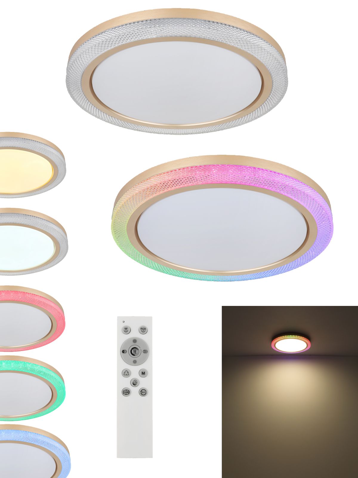 1. GL-41372-24 Stropní svítidlo kov bílý, zlatá, plast bílý, stmívatelné, několik úrovní pomocí nástěnného spínače, RGB duhový efekt, paměťová funkce, noční světlo, časovač, dálkové ovládání, Ø:505mm, V:75mm, LED 20W+5W RGB 230V, 65-1100lm výstup, CCT2700-6500K detail výrobku
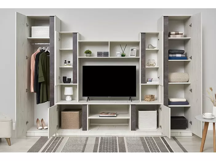 Гостиная Атлантида 5 (Дуб Крафт Белый/Бетон Темный, Дуб Крафт Белый)
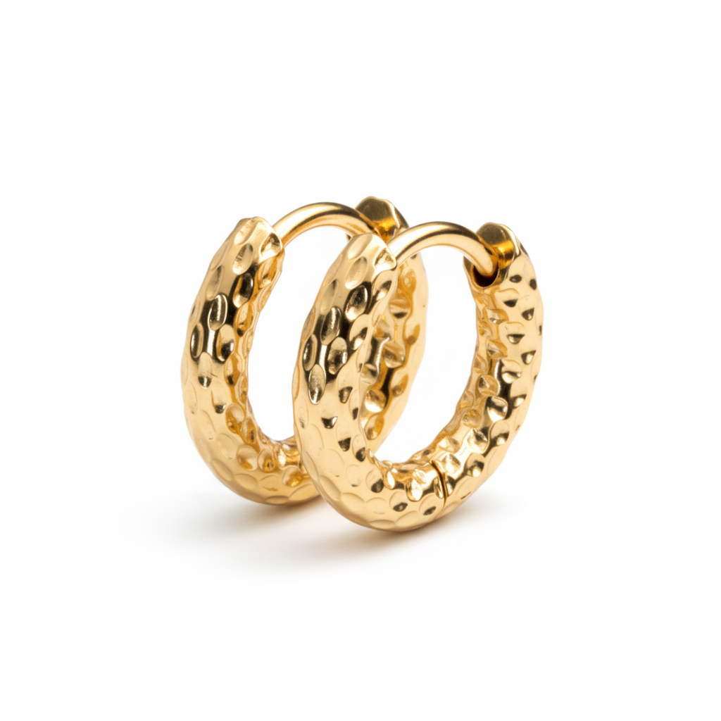 Lust auf ein Upgrade? Diese Ohrringe mit Hammerschlag-Effekt werden dein neues Lieblingsstück. Sie eignen sich optimal für deine Ohrläppchenpiercings und bilden die perfekte Basis, um deine Lieblingsstücke zu kombinieren. Und dank des Scharnierverschlusses sind sie einfach zu befestigen und super sicher. Müheloser Stil, garantiert.
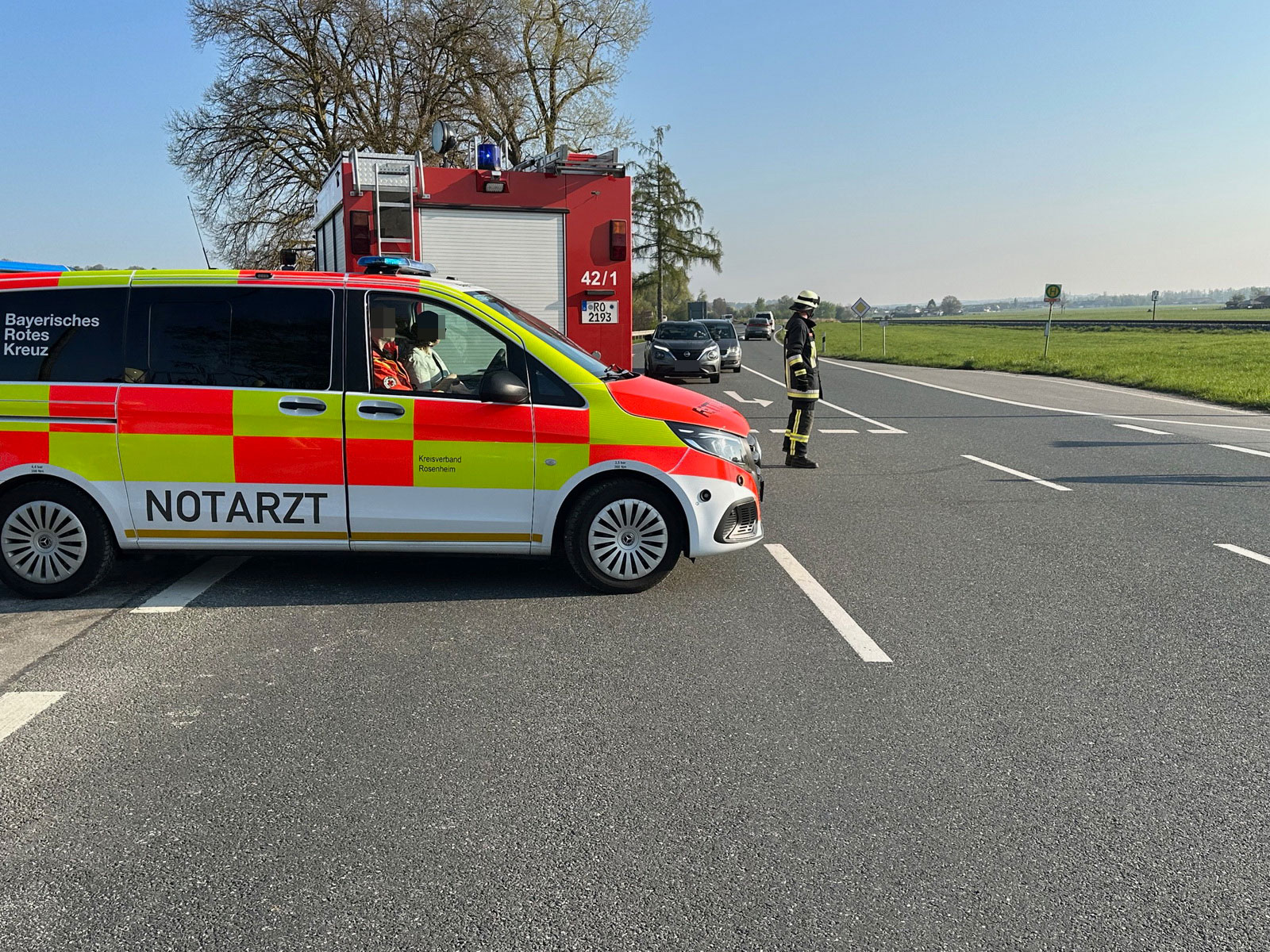 Einsatzkräfte am frühen Morgen zwischen Rott und Hochstätt im Einsatz
**********
Your copy of the data should match it exactly, apart from the images, which are omitted.

• **Worked solution**:
 1. GL-41372-24 Stropní svítidlo kov bílý, zlatá, plast bílý, stmívatelné, několik úrovní pomocí nástěnného spínače, RGB duhový efekt, paměťová funkce, noční světlo, časovač, dálkové ovládání, Ø:505mm, V:75mm, LED 20W+5W RGB 230V, 65-1100lm výstup, CCT2700-6500K detail výrobku
 Гостиная Атлантида 5 (Дуб Крафт Белый/Бетон Темный, Дуб Крафт Белый)
 Lust auf ein Upgrade? Diese Ohrringe mit Hammerschlag-Effekt werden dein neues Lieblingsstück. Sie eignen sich optimal für deine Ohrläppchenpiercings und bilden die perfekte Basis, um deine Lieblingsstücke zu kombinieren. Und dank des Scharnierverschlusses sind sie einfach zu befestigen und super sicher. Müheloser Stil, garantiert.
 Einsatzkräfte am frühen Morgen zwischen Rott und Hochstätt im Einsatz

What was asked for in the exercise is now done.